Greenwashing is the practice of making false claims that your company or products are environmentally friendly. Purporting to be environmentally friendly despite evidence to the contrary has become a marketing technique in an age when the environment is on everyone’s mind.
Not all companies greenwash, and some instances of greenwashing are far more egregious than others. But all make it that little bit harder for the average consumer to separate fact from fiction when it comes to a company’s green credentials.
Though greenwashing is a modern buzzword, the practice has been around a lot longer than you may think. Perhaps the first instance of greenwashing (though it wasn’t called that at the time) was the ‘Keep America Beautiful’ campaign, launched in 1953.
Ostensibly a campaign to discourage littering, Keep America Beautiful was actually launched by the biggest drinks companies in America. It was an attempt to stave off regulation of plastic drinks bottles, and shift the blame for the mountains of plastic waste generated every year onto the consumer, rather than the manufacturer. They were successful: the legislation did not pass, and 100.7 billion plastic bottles were produced in the USA in 2014 alone!
Today, greenwashing takes many forms, and companies big and small engage in it.
Fossil fuel companies are perhaps the worst offenders. One major fossil fuel company’s high-profile marketing campaign sought to highlight its low carbon credentials and investment in renewable energy. However, though the company has invested $3.2 billion into clean energy research and development since 2016, it has pumped $84 billion into its existing oil and gas interests. Fossil fuel multinationals are some of the world’s biggest polluters, both directly and indirectly, and Climate Earth called this company’s greenwashing campaign a “great deception” in 2021.
But it’s not just the biggest companies in the world that engage in such behaviours. The smallest start-ups can be guilty, even if their greenwashing activities are done with the best of intentions. Perhaps the most common example of this is in ‘carbon offsetting’ activities. These are particularly prevalent among brands that market themselves as being environmentally conscious. They may pledge to plant a tree for every one of their products sold, and even produce infographics or social media posts to show how many trees they have planted.

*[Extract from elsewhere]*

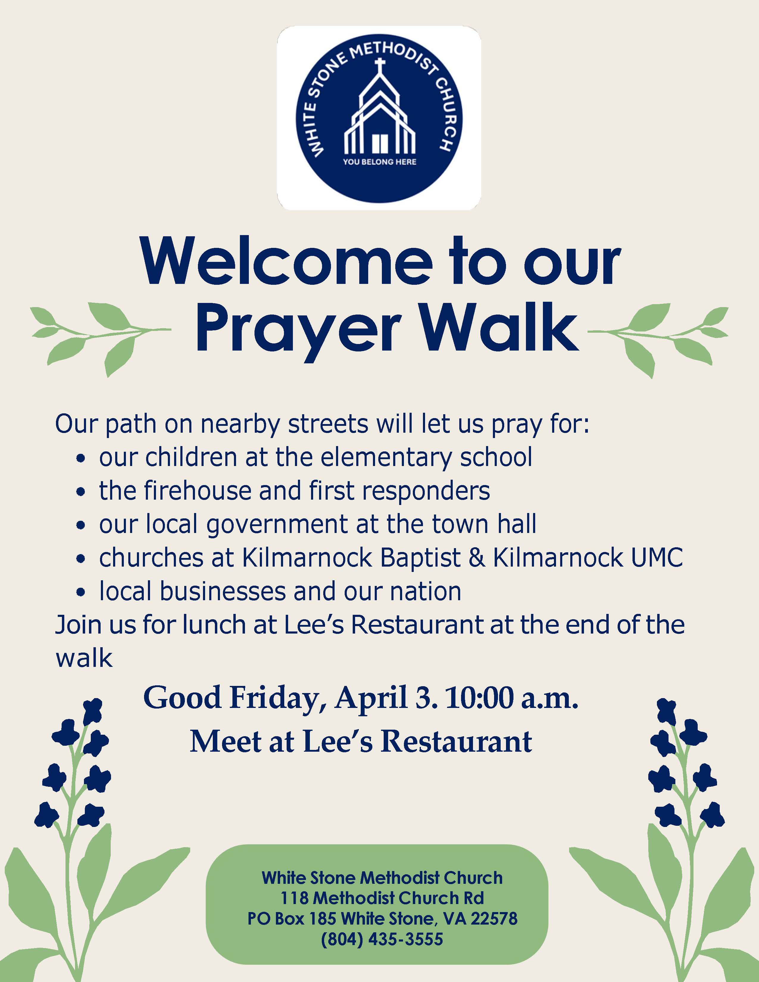 Prayer Walk will begin and end at Lee's Restaurant

The problem with this is that, by convincing their customers that the carbon is to be ‘offset’, they are encouraging them to commit to a bigger carbon footprint by purchasing more and more. Even if the amount of carbon used to create (for example) a T-shirt was offset by the planting of one or more trees, there is still the carbon used in the packaging, transporting and delivering the T-shirt to its buyer. None of this can be standardised and reliably offset, as any one company’s customers could be spread all across the country or even the world.
Which brings us to the tech industry, and our growing reliance on inter-connected devices to power modern infrastructure and our online society. Though many companies greenwash by claiming their battery-powered devices are great for the environment, or that devices are made with ‘sustainable’ materials, our modern consumption of IT and telecommunications devices creates huge amounts of waste.
‘E-waste’, as it has been dubbed, is one of the most rapidly-growing problems that the world faces today. According to The World Counts, which keeps track of the issue, we generate around 50 million tonnes of e-waste every year. This is equivalent to throwing away 1,000 laptops every single second. The material value of this waste is worth at least £50 billion per annum.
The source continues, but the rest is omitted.